Among the records that follow, find the line with "精英,拥有四个技能,强度弱于" and the line with "Ujung lancip : chenille". Set down those lines and all lines between them exactly, without adding anything.
(Beginning of Information provided)
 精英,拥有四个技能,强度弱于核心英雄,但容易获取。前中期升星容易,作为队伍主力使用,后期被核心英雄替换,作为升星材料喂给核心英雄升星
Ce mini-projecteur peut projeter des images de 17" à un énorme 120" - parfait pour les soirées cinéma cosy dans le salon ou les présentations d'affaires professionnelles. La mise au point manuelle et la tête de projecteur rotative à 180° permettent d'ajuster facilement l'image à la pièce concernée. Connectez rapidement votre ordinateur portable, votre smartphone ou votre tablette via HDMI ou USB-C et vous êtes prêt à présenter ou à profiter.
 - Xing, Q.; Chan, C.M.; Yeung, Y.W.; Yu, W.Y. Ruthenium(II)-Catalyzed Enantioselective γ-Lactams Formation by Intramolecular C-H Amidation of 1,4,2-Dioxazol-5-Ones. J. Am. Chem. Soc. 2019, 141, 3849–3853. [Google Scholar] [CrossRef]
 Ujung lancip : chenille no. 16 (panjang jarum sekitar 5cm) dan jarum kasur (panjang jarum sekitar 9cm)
(End of Information provided)
(Beginning of Information provided)
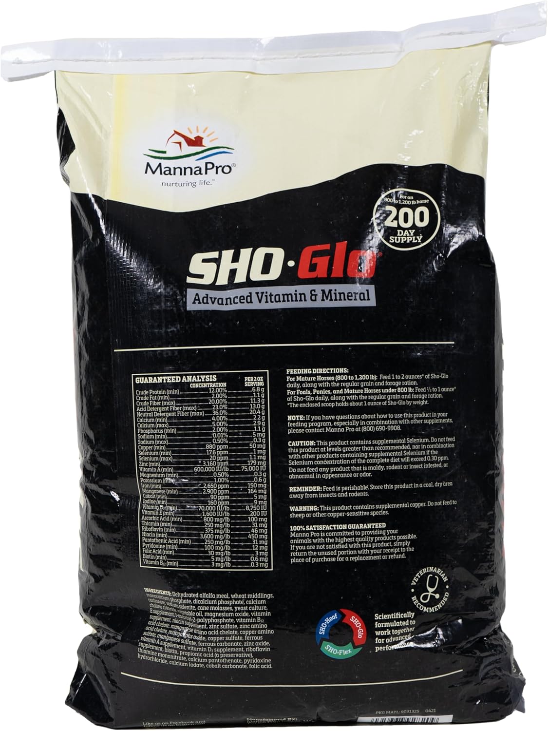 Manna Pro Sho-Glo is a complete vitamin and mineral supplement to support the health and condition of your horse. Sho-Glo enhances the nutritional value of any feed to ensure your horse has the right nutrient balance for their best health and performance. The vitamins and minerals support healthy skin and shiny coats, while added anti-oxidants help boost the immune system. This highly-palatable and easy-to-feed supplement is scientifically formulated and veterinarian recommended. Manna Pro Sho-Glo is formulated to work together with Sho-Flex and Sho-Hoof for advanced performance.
(End of Information provided)
## Response to the exercise
 精英,拥有四个技能,强度弱于核心英雄,但容易获取。前中期升星容易,作为队伍主力使用,后期被核心英雄替换,作为升星材料喂给核心英雄升星
Ce mini-projecteur peut projeter des images de 17" à un énorme 120" - parfait pour les soirées cinéma cosy dans le salon ou les présentations d'affaires professionnelles. La mise au point manuelle et la tête de projecteur rotative à 180° permettent d'ajuster facilement l'image à la pièce concernée. Connectez rapidement votre ordinateur portable, votre smartphone ou votre tablette via HDMI ou USB-C et vous êtes prêt à présenter ou à profiter.
 - Xing, Q.; Chan, C.M.; Yeung, Y.W.; Yu, W.Y. Ruthenium(II)-Catalyzed Enantioselective γ-Lactams Formation by Intramolecular C-H Amidation of 1,4,2-Dioxazol-5-Ones. J. Am. Chem. Soc. 2019, 141, 3849–3853. [Google Scholar] [CrossRef]
 Ujung lancip : chenille no. 16 (panjang jarum sekitar 5cm) dan jarum kasur (panjang jarum sekitar 9cm)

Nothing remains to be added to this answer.